In the listing that follows, copy out each line that includes the word "tropas".

*** Block opens ***

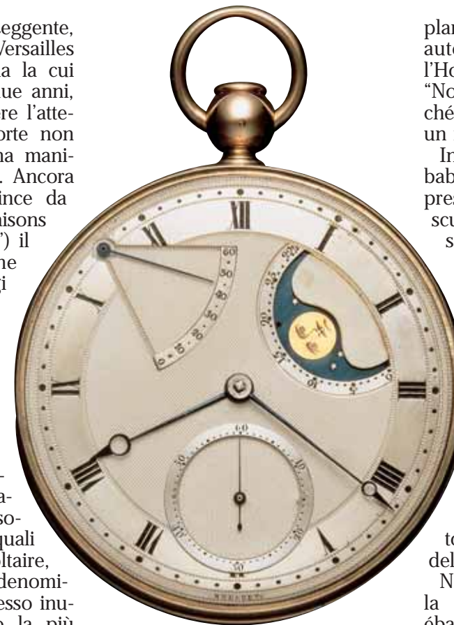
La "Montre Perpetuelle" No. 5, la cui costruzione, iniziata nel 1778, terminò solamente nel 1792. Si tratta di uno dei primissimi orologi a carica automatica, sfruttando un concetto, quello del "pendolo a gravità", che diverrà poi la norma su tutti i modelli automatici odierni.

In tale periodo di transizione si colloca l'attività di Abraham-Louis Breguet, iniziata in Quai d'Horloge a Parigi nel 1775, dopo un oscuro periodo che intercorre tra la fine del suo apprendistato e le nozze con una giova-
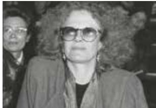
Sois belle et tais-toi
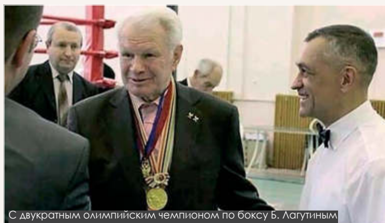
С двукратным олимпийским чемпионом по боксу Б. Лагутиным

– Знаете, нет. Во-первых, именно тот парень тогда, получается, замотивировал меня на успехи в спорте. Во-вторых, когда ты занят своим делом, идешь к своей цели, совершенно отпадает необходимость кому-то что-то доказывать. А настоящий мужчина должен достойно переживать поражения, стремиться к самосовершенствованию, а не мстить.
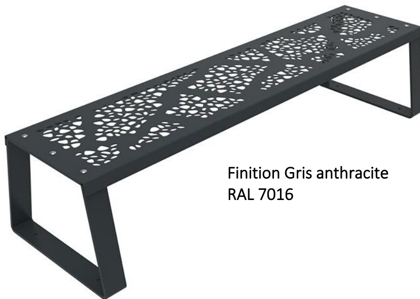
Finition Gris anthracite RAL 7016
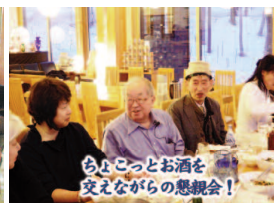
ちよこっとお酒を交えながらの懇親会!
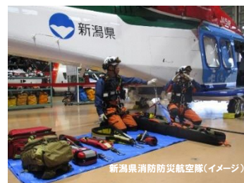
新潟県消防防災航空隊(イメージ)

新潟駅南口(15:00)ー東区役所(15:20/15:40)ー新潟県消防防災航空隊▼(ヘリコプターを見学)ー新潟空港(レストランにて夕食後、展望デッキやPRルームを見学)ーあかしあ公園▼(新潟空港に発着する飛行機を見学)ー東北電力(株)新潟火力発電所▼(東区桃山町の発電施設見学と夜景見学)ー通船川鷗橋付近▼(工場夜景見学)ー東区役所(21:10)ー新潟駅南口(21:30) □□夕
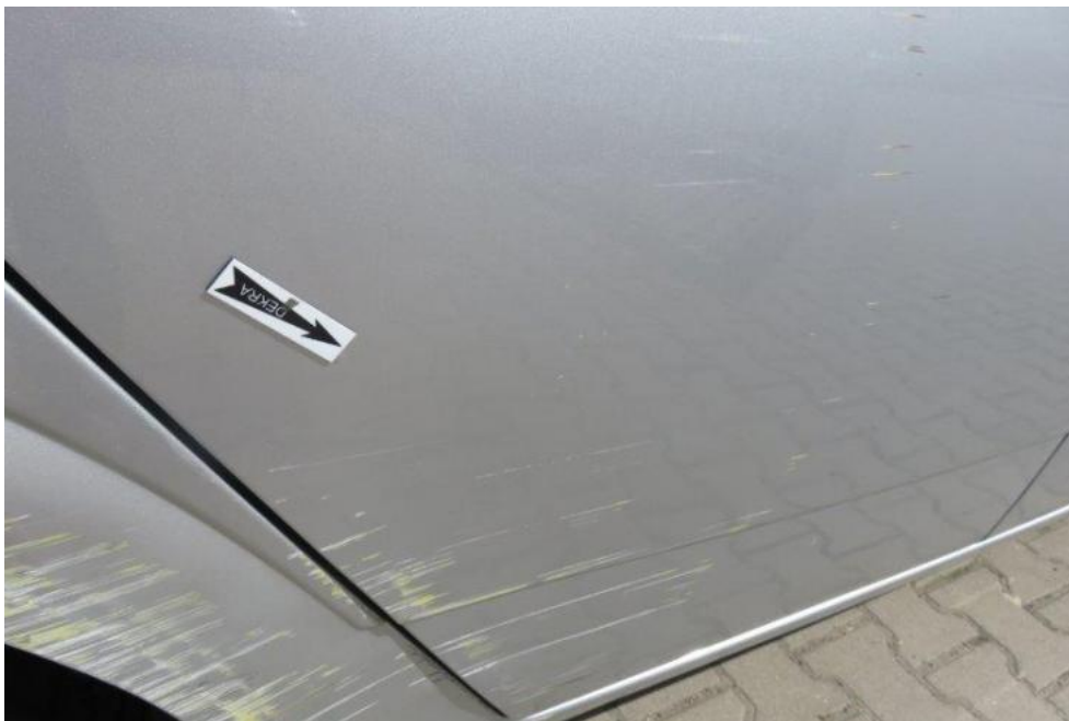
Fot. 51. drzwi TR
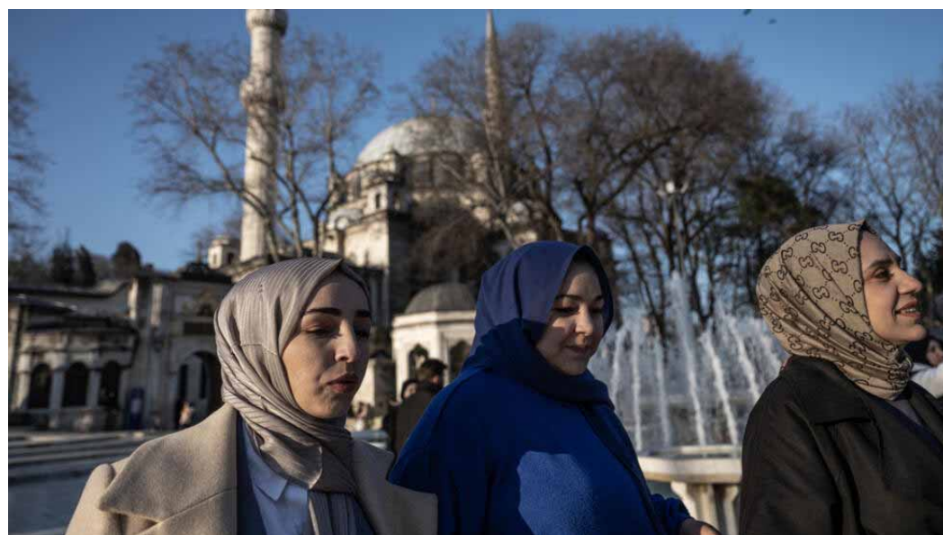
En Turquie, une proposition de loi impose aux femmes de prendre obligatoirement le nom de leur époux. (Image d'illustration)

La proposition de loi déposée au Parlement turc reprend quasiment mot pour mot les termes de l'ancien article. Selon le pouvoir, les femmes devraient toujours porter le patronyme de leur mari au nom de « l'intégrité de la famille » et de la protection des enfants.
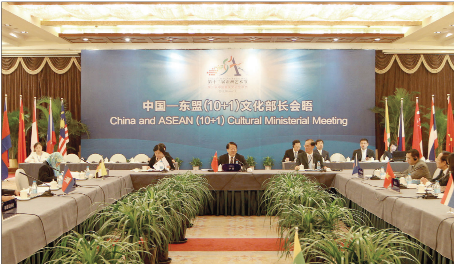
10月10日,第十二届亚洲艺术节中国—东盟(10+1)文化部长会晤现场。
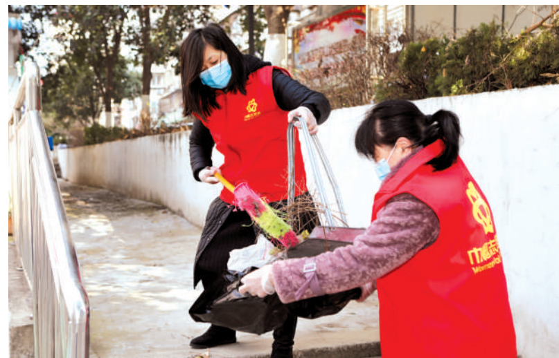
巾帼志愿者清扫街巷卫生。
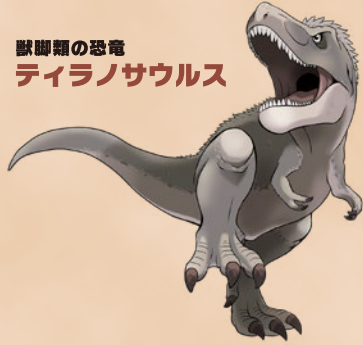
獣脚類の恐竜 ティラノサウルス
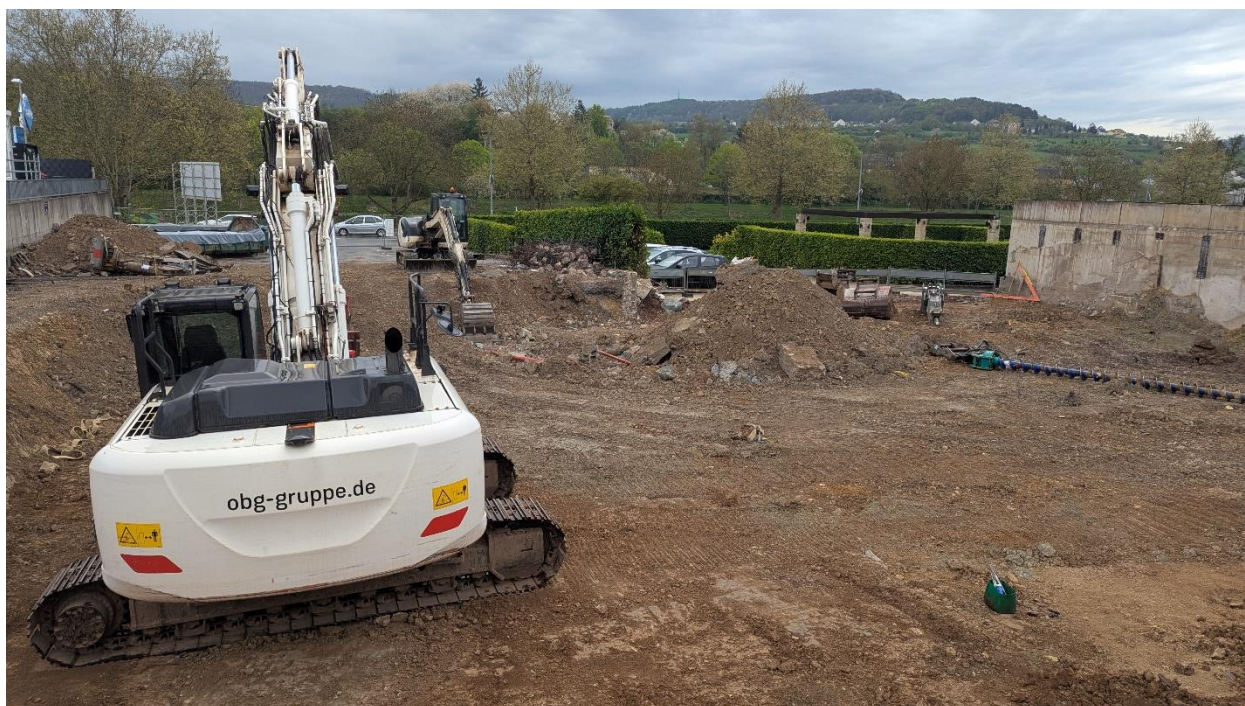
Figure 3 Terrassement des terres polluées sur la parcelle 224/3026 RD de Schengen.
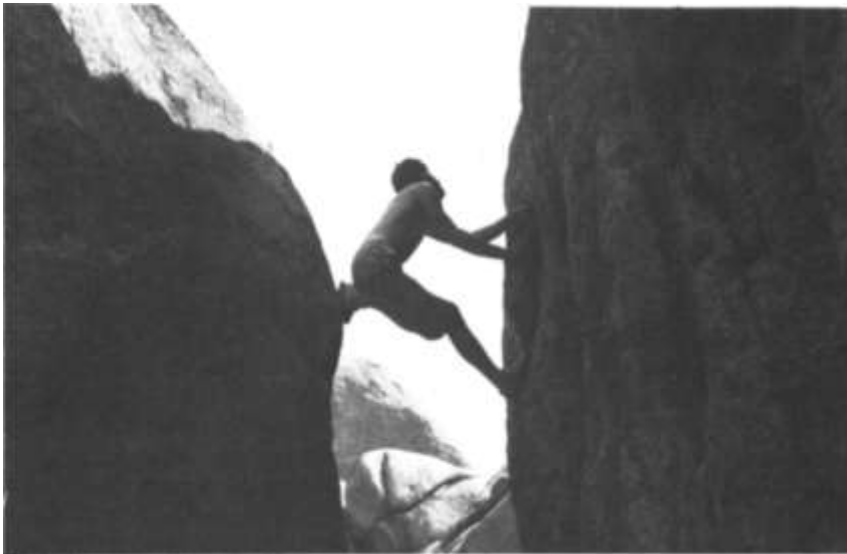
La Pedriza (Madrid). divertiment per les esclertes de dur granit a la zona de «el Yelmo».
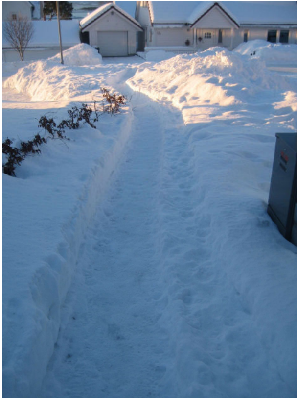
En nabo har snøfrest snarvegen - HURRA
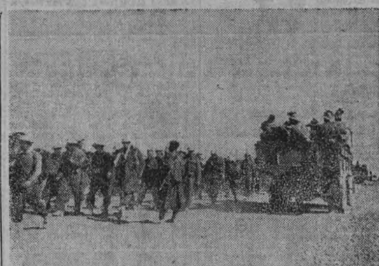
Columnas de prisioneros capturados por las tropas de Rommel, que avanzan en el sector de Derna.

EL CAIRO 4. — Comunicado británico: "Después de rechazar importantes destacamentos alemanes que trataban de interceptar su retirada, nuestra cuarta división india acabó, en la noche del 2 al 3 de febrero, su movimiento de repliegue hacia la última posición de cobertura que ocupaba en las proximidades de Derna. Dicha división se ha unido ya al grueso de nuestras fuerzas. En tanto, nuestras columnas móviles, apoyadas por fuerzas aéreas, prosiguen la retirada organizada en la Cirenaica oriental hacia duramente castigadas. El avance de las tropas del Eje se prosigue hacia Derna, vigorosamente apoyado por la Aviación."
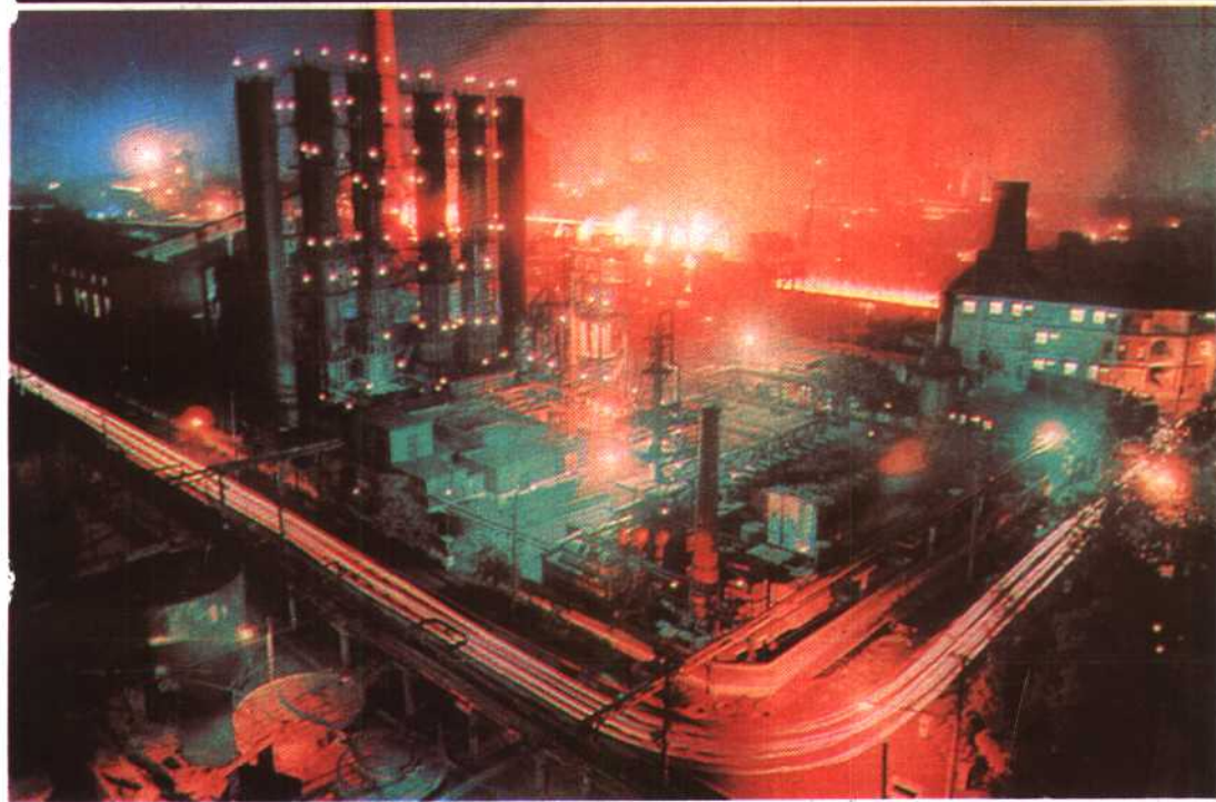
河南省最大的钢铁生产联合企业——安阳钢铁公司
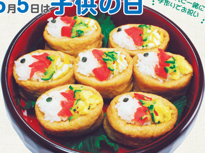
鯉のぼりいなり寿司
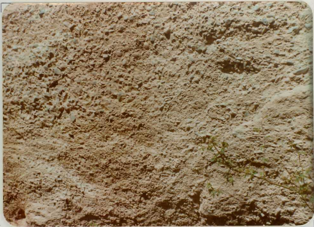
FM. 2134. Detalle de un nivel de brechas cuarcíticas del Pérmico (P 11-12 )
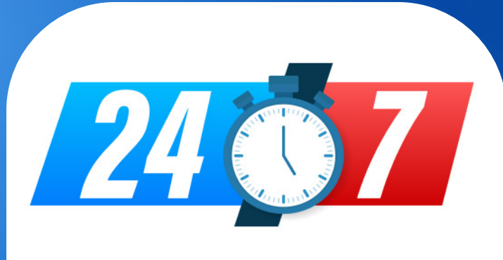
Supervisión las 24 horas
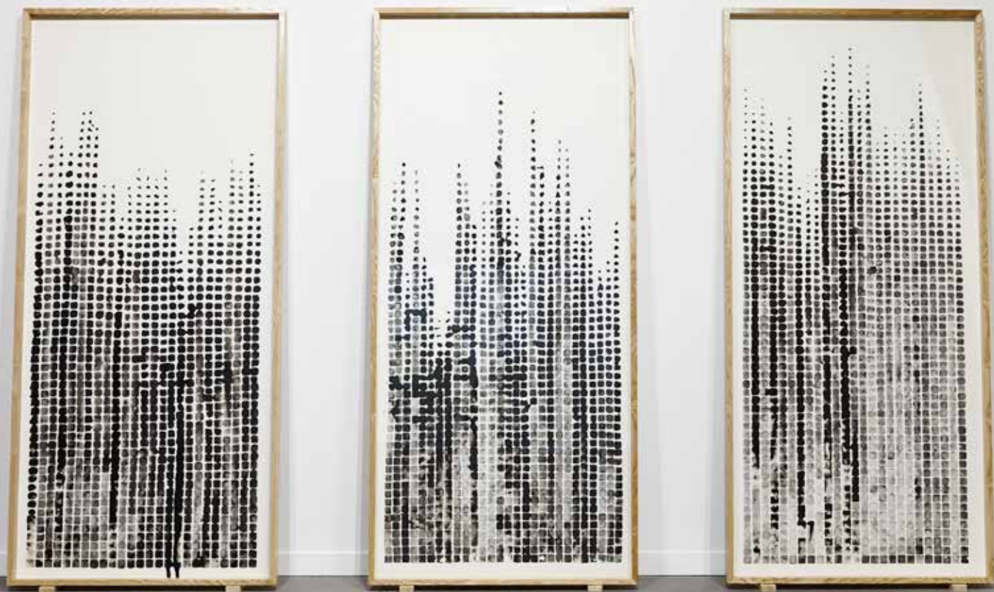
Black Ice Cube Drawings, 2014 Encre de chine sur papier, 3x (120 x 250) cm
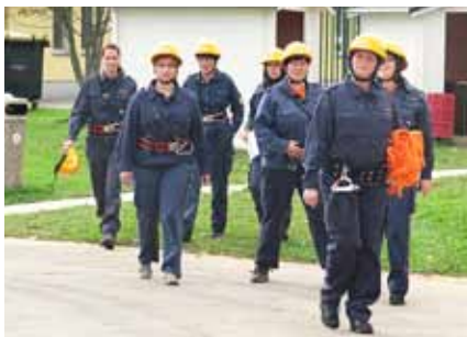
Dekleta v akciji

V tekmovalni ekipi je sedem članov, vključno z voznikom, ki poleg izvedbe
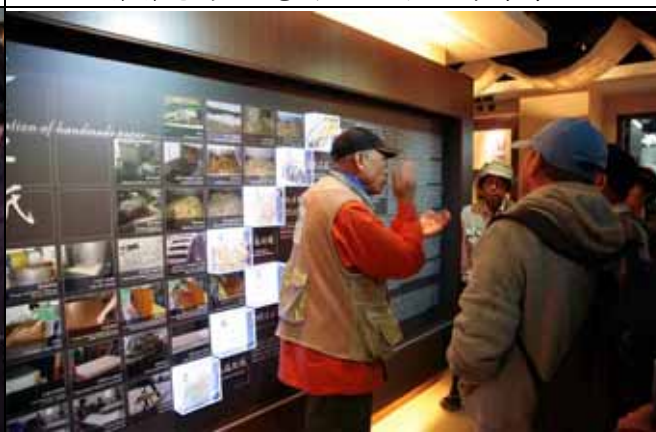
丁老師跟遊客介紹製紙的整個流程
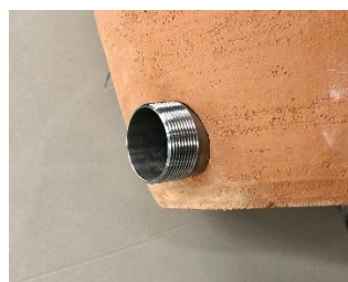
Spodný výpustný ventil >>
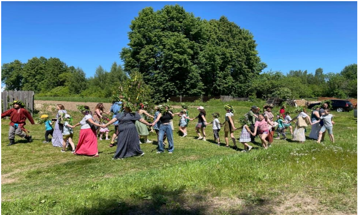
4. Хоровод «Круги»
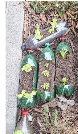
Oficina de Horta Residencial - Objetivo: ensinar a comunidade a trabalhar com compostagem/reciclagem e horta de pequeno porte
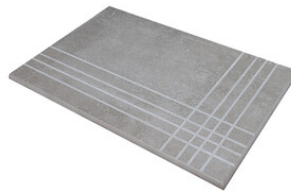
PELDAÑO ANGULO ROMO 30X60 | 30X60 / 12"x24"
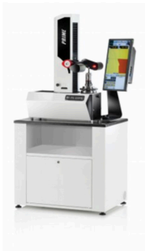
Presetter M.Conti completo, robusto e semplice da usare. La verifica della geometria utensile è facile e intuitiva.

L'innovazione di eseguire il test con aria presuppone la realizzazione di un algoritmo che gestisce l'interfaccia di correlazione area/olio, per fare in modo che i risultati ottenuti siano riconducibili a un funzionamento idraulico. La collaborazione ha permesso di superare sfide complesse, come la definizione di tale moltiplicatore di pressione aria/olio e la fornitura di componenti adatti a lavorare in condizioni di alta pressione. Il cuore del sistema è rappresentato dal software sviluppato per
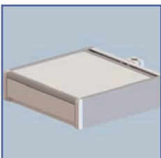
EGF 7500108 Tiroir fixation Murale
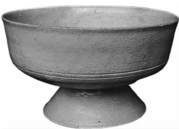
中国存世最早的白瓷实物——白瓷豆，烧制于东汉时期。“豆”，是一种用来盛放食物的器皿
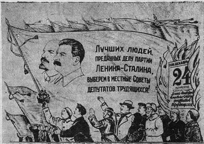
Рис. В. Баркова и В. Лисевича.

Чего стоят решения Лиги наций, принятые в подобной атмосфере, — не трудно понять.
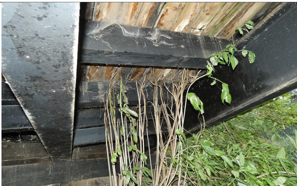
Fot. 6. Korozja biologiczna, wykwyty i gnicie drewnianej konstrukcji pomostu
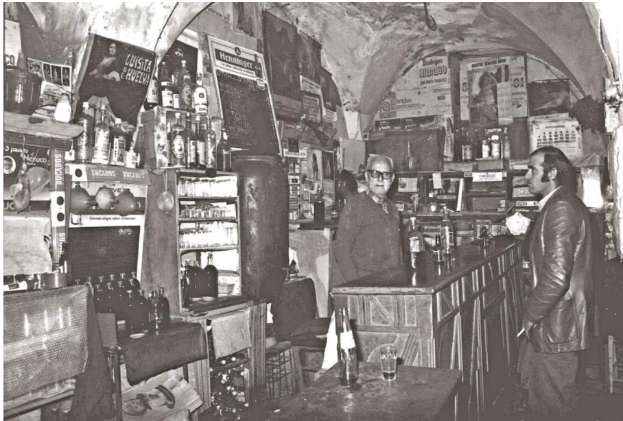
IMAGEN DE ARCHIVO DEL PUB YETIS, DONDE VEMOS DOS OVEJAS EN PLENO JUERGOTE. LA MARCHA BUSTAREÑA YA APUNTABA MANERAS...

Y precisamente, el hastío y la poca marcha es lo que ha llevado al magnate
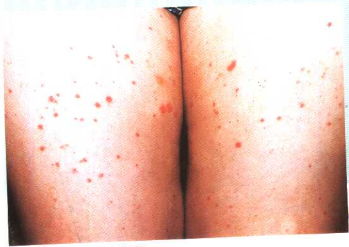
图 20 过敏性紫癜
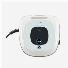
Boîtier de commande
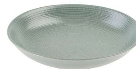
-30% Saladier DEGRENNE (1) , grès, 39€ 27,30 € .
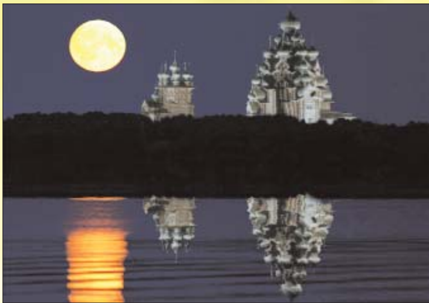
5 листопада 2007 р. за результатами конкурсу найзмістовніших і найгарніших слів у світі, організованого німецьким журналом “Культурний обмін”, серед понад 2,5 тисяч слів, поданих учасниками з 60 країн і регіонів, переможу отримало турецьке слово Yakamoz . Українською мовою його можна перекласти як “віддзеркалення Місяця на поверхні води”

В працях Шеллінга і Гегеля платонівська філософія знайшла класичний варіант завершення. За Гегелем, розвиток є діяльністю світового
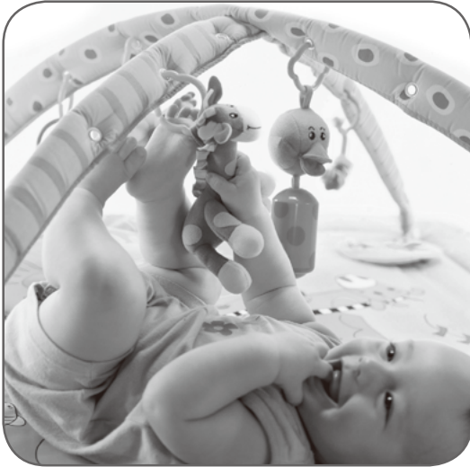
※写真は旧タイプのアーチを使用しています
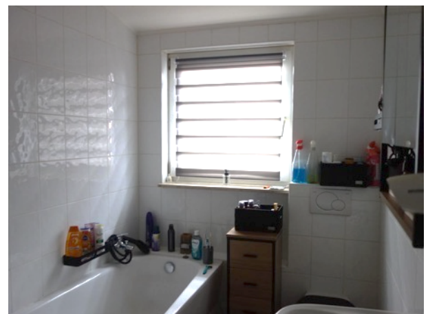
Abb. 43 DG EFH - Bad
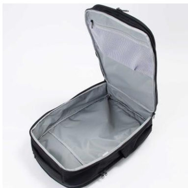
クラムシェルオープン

*** Block closes ***

Response area:
Columnas de prisioneros capturados por las tropas de Rommel, que avanzan en el sector de Derna.
EL CAIRO 4. — Comunicado británico: "Después de rechazar importantes destacamentos alemanes que trataban de interceptar su retirada, nuestra cuarta división india acabó, en la noche del 2 al 3 de febrero, su movimiento de repliegue hacia la última posición de cobertura que ocupaba en las proximidades de Derna. Dicha división se ha unido ya al grueso de nuestras fuerzas. En tanto, nuestras columnas móviles, apoyadas por fuerzas aéreas, prosiguen la retirada organizada en la Cirenaica oriental hacia duramente castigadas. El avance de las tropas del Eje se prosigue hacia Derna, vigorosamente apoyado por la Aviación."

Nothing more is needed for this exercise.